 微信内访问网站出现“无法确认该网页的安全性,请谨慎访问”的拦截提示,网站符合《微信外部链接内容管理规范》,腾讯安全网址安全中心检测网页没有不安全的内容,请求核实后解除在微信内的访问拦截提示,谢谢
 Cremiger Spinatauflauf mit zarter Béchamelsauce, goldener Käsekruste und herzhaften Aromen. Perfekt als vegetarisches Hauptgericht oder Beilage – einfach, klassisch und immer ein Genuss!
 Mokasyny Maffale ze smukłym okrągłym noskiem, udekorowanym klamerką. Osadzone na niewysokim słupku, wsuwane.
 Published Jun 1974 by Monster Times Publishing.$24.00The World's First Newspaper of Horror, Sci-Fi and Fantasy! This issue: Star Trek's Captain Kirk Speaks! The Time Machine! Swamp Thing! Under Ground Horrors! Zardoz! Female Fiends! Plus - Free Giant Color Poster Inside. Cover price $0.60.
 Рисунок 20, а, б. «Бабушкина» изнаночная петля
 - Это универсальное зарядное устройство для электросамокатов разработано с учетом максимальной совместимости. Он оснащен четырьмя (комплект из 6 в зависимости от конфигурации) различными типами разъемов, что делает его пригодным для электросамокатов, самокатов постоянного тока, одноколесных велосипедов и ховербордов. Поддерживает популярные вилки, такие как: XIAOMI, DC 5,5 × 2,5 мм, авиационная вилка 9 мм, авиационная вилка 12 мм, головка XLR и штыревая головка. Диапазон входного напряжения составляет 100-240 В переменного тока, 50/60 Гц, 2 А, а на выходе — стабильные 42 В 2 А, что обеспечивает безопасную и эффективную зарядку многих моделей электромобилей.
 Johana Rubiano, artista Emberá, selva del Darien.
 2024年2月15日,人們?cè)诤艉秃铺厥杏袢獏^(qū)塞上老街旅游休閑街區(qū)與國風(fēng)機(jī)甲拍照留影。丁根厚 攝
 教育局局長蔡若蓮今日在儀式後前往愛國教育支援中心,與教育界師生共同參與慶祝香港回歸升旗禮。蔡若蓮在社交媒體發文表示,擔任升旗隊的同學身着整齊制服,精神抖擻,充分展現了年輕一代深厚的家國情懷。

_ _ _ _ _

→ **What needs to be done**
Please output an exact copy of the lines above, from the opening line of the data down to the line that contains "Рисунок 20, а, б.".

→ **Solution to the exercise**
 微信内访问网站出现“无法确认该网页的安全性,请谨慎访问”的拦截提示,网站符合《微信外部链接内容管理规范》,腾讯安全网址安全中心检测网页没有不安全的内容,请求核实后解除在微信内的访问拦截提示,谢谢
 Cremiger Spinatauflauf mit zarter Béchamelsauce, goldener Käsekruste und herzhaften Aromen. Perfekt als vegetarisches Hauptgericht oder Beilage – einfach, klassisch und immer ein Genuss!
 Mokasyny Maffale ze smukłym okrągłym noskiem, udekorowanym klamerką. Osadzone na niewysokim słupku, wsuwane.
 Published Jun 1974 by Monster Times Publishing.$24.00The World's First Newspaper of Horror, Sci-Fi and Fantasy! This issue: Star Trek's Captain Kirk Speaks! The Time Machine! Swamp Thing! Under Ground Horrors! Zardoz! Female Fiends! Plus - Free Giant Color Poster Inside. Cover price $0.60.
 Рисунок 20, а, б. «Бабушкина» изнаночная петля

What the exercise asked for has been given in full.